### Source data

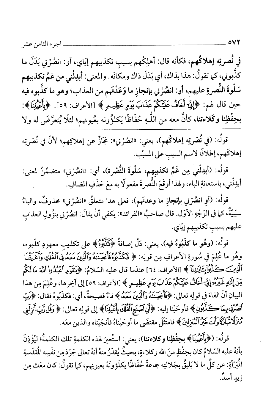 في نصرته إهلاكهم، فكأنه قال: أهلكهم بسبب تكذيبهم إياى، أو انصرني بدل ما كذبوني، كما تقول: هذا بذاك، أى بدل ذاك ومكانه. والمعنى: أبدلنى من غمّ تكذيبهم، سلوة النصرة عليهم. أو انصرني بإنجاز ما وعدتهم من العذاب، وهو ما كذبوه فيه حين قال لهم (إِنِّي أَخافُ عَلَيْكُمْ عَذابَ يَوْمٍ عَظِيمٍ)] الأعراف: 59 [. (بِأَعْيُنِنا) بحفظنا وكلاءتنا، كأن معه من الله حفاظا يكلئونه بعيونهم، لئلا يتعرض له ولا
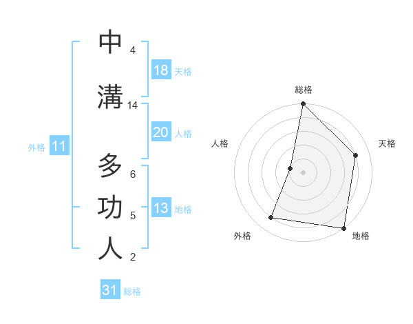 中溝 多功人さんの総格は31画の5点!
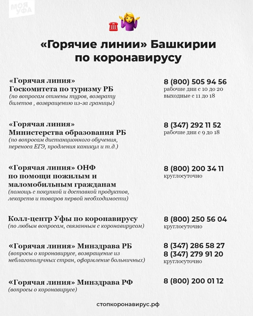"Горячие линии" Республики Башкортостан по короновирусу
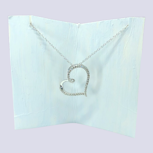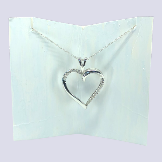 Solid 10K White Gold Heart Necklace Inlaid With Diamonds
...
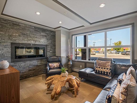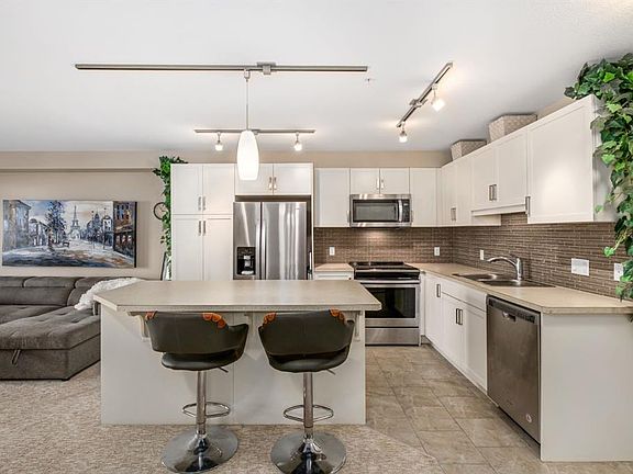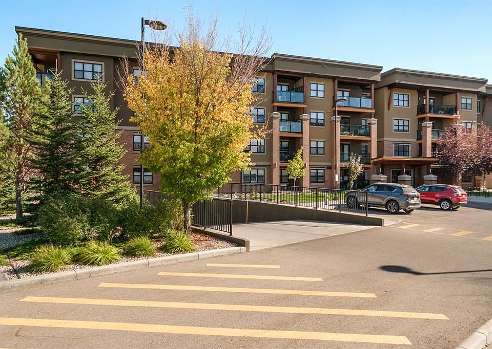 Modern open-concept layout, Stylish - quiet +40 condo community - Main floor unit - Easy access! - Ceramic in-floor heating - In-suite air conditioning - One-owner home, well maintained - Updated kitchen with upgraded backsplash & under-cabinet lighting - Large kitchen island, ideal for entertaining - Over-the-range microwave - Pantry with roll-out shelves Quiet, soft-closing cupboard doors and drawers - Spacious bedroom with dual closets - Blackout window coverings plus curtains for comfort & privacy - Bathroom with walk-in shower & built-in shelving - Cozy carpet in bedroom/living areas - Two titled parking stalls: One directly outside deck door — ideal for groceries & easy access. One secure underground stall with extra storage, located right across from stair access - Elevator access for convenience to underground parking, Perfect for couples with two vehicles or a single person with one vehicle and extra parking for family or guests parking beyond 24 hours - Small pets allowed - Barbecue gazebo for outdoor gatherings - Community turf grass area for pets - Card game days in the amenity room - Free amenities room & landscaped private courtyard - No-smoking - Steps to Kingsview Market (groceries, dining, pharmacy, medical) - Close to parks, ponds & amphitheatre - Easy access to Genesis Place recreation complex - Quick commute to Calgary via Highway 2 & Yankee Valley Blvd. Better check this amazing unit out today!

### Exercise goal
Only the lines starting at the one with "Башкортостан по короновирусу" and ending at the one with "Solid 10K White" should be printed, each exactly as it appears in the material above; the pictures are to be omitted.

### Exercise output
"Горячие линии" Республики Башкортостан по короновирусу
 Solid 10K White Gold Heart Necklace Inlaid With Diamonds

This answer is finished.